Вдруг, как настырный нежеланный попутчик, навалилась огромная усталость. Кости заныли, а ноги внезапно стали такими тяжелыми, что Иэн едва их переставлял. Справа в ребрах, куда пришлось несколько ударов, при каждом шаге вспыхивала боль. Перед глазами возникло лицо Эдварда Райта, его буравящие светлые глаза проникали, казалось, в самую душу.
Добравшись до квартиры, Иэн с удивлением обнаружил, что дверь не заперта. Сперва он решил, что попросту забыл ее закрыть — измотанность сделала свое дело, но уже в следующий момент напряженно замер. Внутри кто-то был. Он скользнул внутрь, не закрывая за собой дверь. На цыпочках добравшись до гостиной, Иэн услышал храп.
Дональд грузно распростерся на кушетке в неестественной позе, будто рухнул сюда без сознания. Одна рука была закинута на подлокотник, вторая безвольно повисла над ковром. Вид был растрепанный, на лице виднелись царапины, сбитые костяшки пальцев кровоточили. На верхней губе запеклась кровь. В комнате удушливо воняло алкоголем.

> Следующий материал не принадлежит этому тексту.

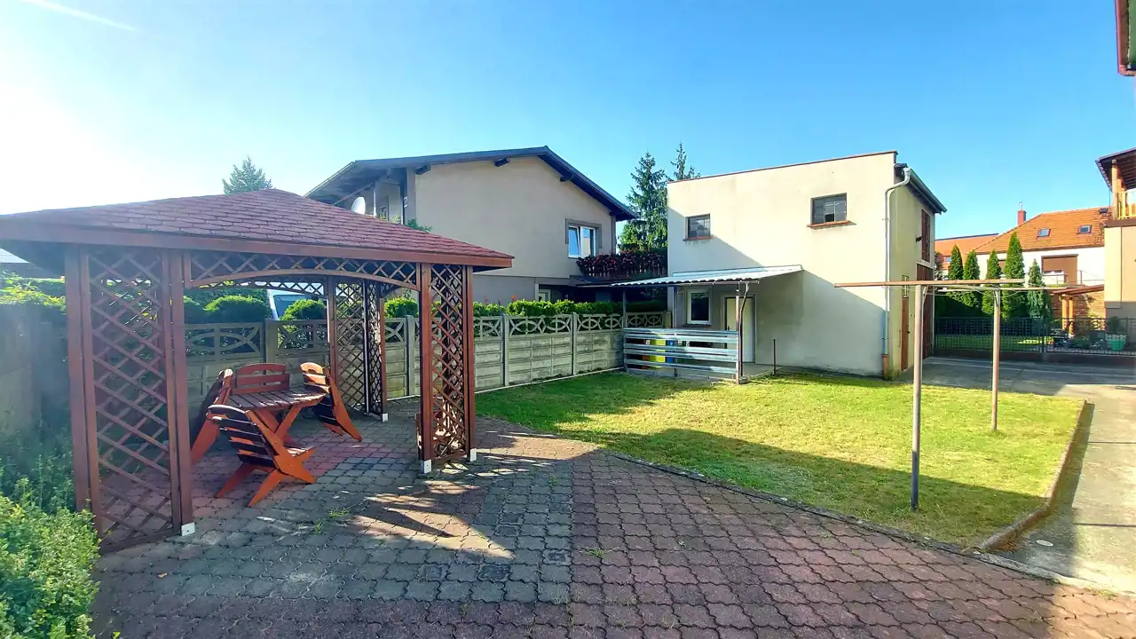 Ogród to idealne miejsce do spędzenia wolnego czasu np. przy grillu z rodziną i znajomymi i relaksu po pracy, dzięki zadaszonemu tarasowi.
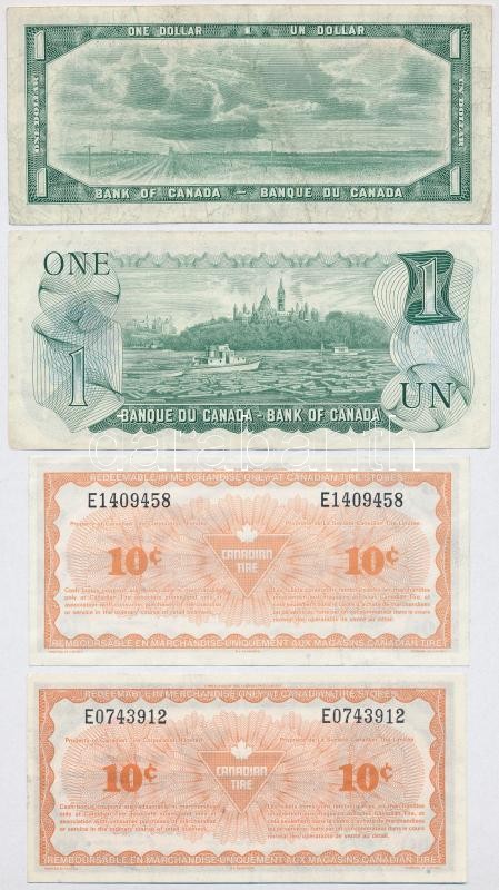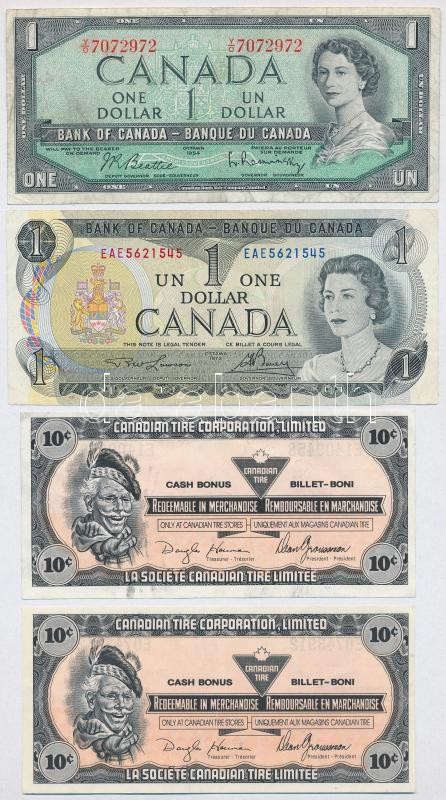 Kanada 1961-1972. 1$ + 1973. 1$ + 1987-1989. 10c "Canadian Tire Corportaion Limited" vásárlási utalvány (2x) T:III,III-
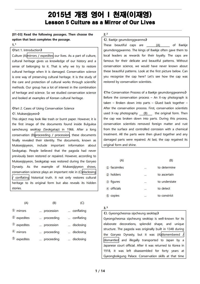 최상의 2015년 개정 영어 I 천재(이재영) 5과 변형 문제를 선보입니다.
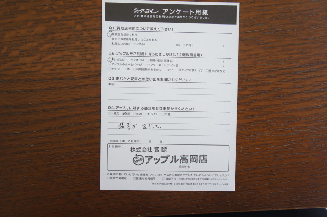この度はアップル高岡店ご利用ありがとうございました。

Иэн хотел было развернуться и уйти, но замер, глядя на брата и чувствуя, как вспыхнувшая в душе ненависть борется со все же остающейся там любовью. Образы счастливого детства боролись с отвращением от вида того, во что превратился брат. Ну почему ему нужно было явиться именно сейчас, когда на кону стояло столь многое? Иэн резко развернулся, задев приставленную к стене кочергу, которая с грохотом упала на доски пола. Дональд пошевелился и открыл глаза.
— Привет, — негромко сказал он, — стоишь поди и думаешь, чего
Его язык заметно заплетался от выпитого.
— Не вижу ничего удивительного в том, что ты в стельку пьяный и избитый валяешься на моей кушетке.
— Да успокойся ты! — сказал Дональд, не без труда усаживаясь и вглядываясь в лицо брата. — Господь милосердный, а с тобой-то что стряслось?
— Подрался.
— Ну так чья бы корова мычала.
— Где ты был? — спросил Иэн.
— А тебе-то что?
— Выглядишь так, будто тебя сюда кот за шкирку притащил.
— Кстати говоря, я его накормил, а потом он сбежал в свою хитроумную дверку. Сам делал?
— Кто тебе нос расквасил?
— А тебе? — спросил Дональд и громко рыгнул.
— Ты пьян, — поморщился Иэн.
— Самую чуточку разве, — сказал Дональд с потешной интонацией нашкодившего школьника.
— Да ты ж в хлам наклюкался! — огрызнулся Иэн глазговским выражением своей тетушки. — На меня твое очарование не действует. На нашу матушку покойную, упокой Господь ее душу, — да, но…
— Ух ты! Уже и мать вспомнил?
— Она избаловала тебя, вот и получился эгоист конченый.
— Просто добра ко мне была — не то что отец!
— То, что он со мной любил возиться, твоих бесчинств никак не оправдывает!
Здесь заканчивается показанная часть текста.